# Evaluate Holdout (fixed) tasks with SMRT

So, i conducted a CBC with 10 tasks, of which 8 were random tasks and 2 were fixed holdout tasks, with 3 concepts per task (C1-C3). Now i want to evaulate how good the model (or the estimated utilities) reflects the reality. For that purpose i used SMRT to simulate both holdout tasks. Using SPSS, i calculated the observed shares too (meaning how respondents decided for each holdout task (H1, H2). Now i got this table:

H1Simulated            H1Observed        H2Simulated          H2Observed
C1           45.92%                        40%                         28.57%                      34%
C2           7.84%                          12%                         37.5%                         30.7%
C3           46.24%                        48%                         33.93%                      35.3%

So, how can i interprete this? I thought about calculating the difference between simulated and observed shares. But how do i interprete the differences? Is there a value for which it can be assumed that the model fits good? Or do you have any other ideas on how to test validity of the model?

Thanks in advance

EDIT: As i checked some literature, i found that it would be most useful to check hit rates for holdout tasks. how do i do that?
asked Nov 27, 2013
edited Nov 27, 2013

## 1 Answer

+3 votes

Best answer
Within SMRT, I'm assuming you are using the default method to estimate the shares of preference (Randomized First Choice), right?

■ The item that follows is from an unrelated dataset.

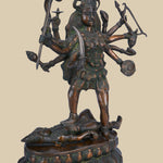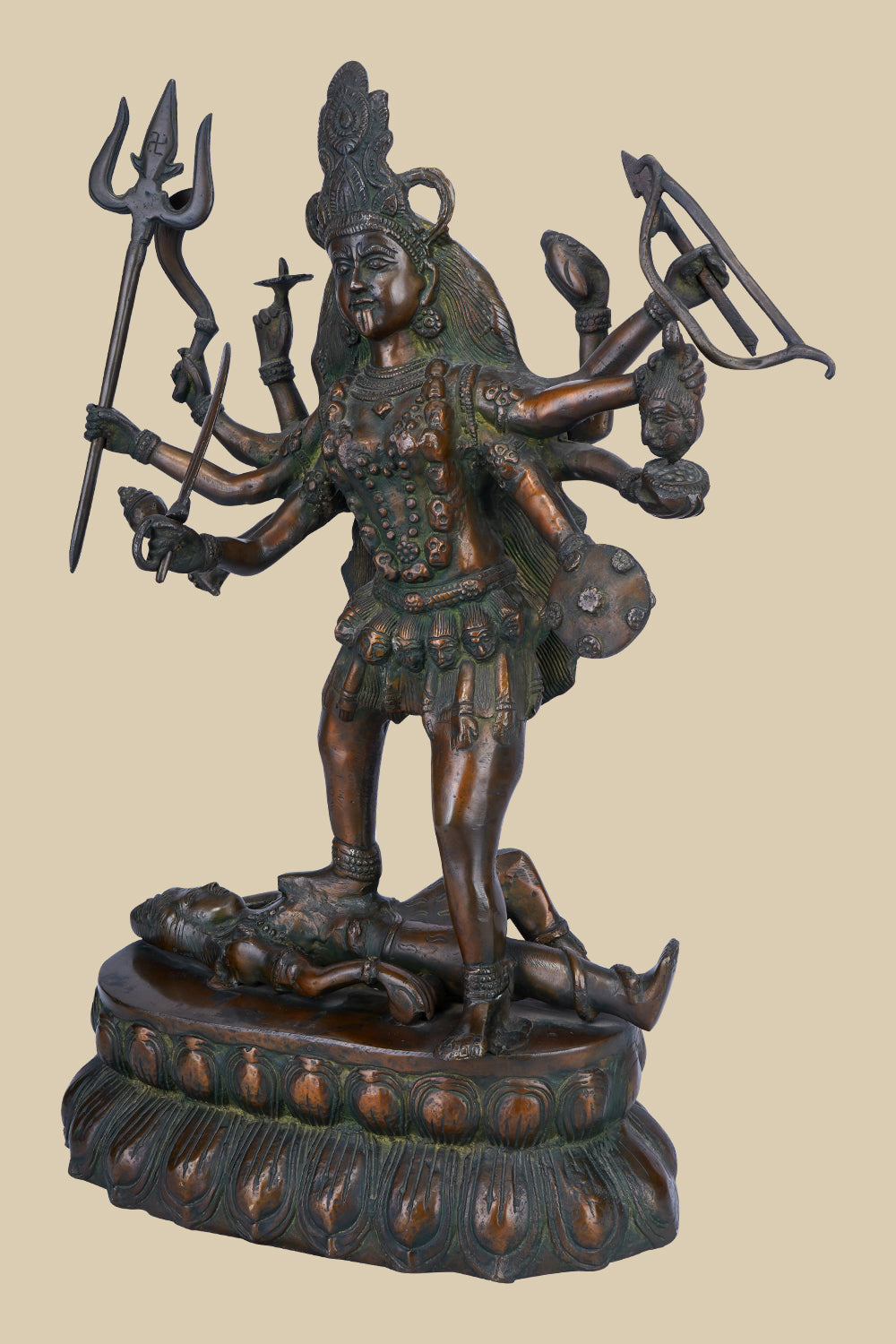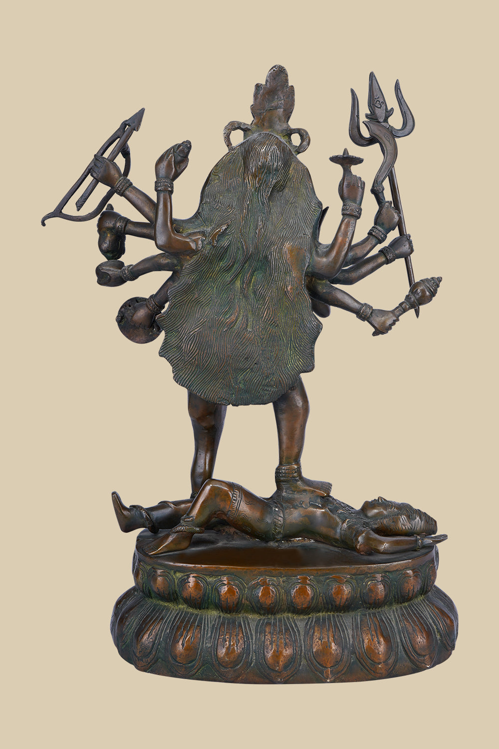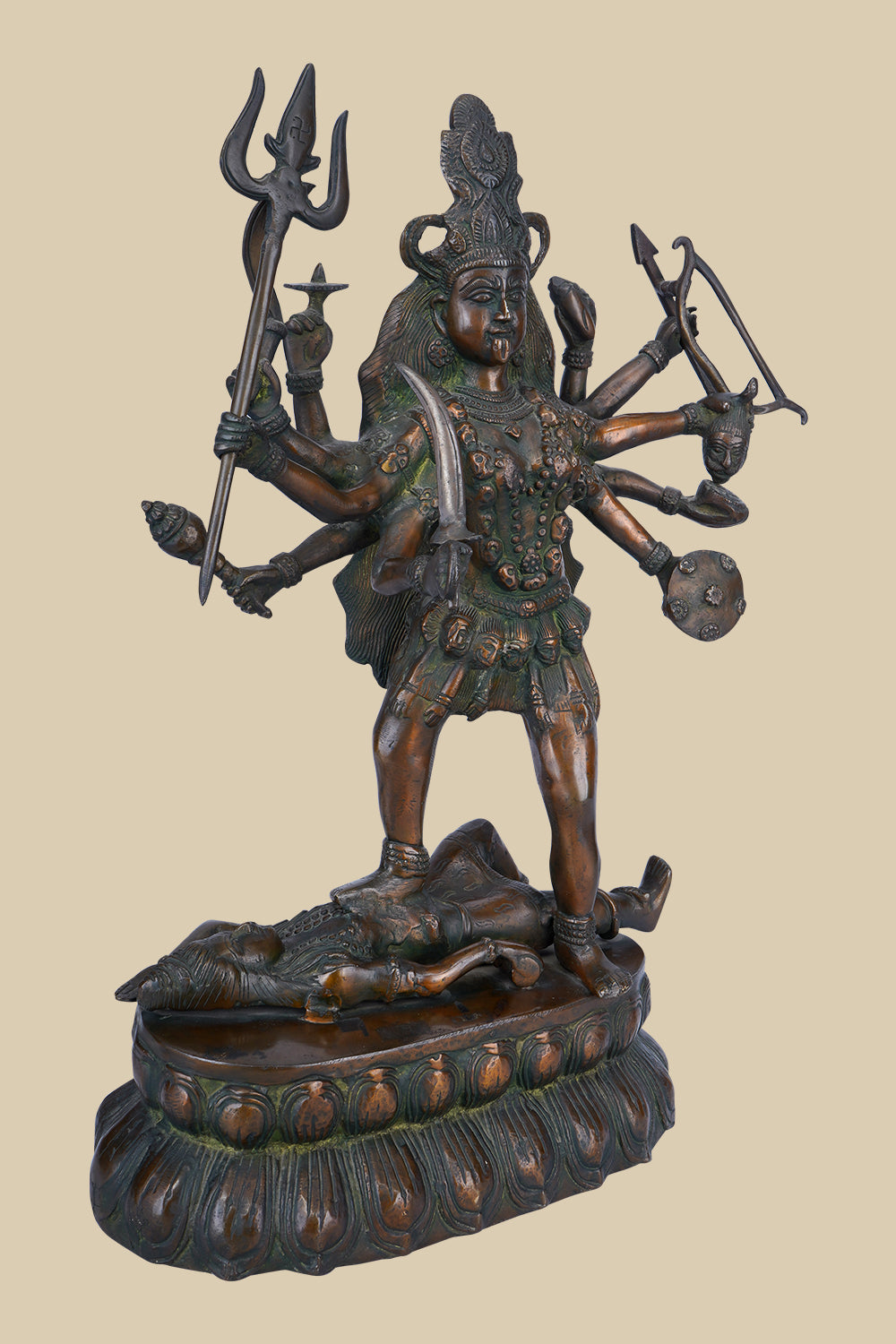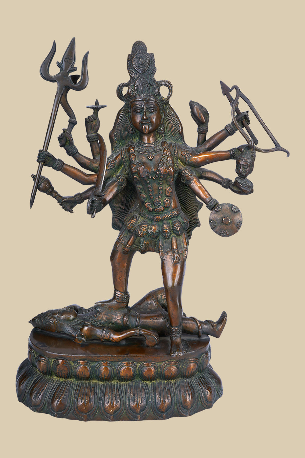 The Brass Goddess Kali statue (53 cm x 36 cm x 19 cm) embodies the fierce yet protective energy of one of Hindu mythology’s most powerful deities. Crafted in gleaming brass, this antique sculpture captures Kali in all her dynamic glory, with her iconic stance radiating power and fearlessness. The intricately carved details bring to life her fierce expressions, symbolic weapons, and traditional adornments, making the statue a profound representation of divine strength and justice.

The easiest way to compute how well your model is fitting the two holdout tasks is to use the Mean Absolute Error test.  You simply figure out how big your absolute misses are for each of the concepts, and you sum them up across concepts and across holdout tasks.  Then, take the average of those misses.

For example, for task #1, concept #1, your absolute miss is 5.92%.  Across all six concepts, your average miss (MAE) is 4.24.  In my experience, for holdouts that involve 3 concepts, this is a good result.  But, so much depends on sample size.

Hit rates are an individual measure of predictive validity.  You look at your simulation results for each respondent and see if the predicted highest probability concept was also the one that the respondent chose.  If it is, count a hit.  If not, count a miss.  The hit rate is the percentage of hits.
answered Nov 27, 2013 by Platinum (159,810 points)
edited Nov 27, 2013
Thank you Bryan for your fast answer. Sample size was 150. And yes, i used Randomized First Choice to estimate the shares of preference. Though, if i understand you correctly, there is no limit value for MAE for which MAE values below of it indicate that the model is fine and for MAE values above of it that the model is not so good? Or do you have some literature for interpreting MAE? Because i have two more models to evaluate (First: MAE = 3.26, N = 64, Second: MAE = 5.74, N = 71)

For Hit rates i used First Choice simulation method. What are good hit rates? i got 60% for both holdout tasks (for the other two models hitrates are 54.7% and 66.2% respectively).

Thanks again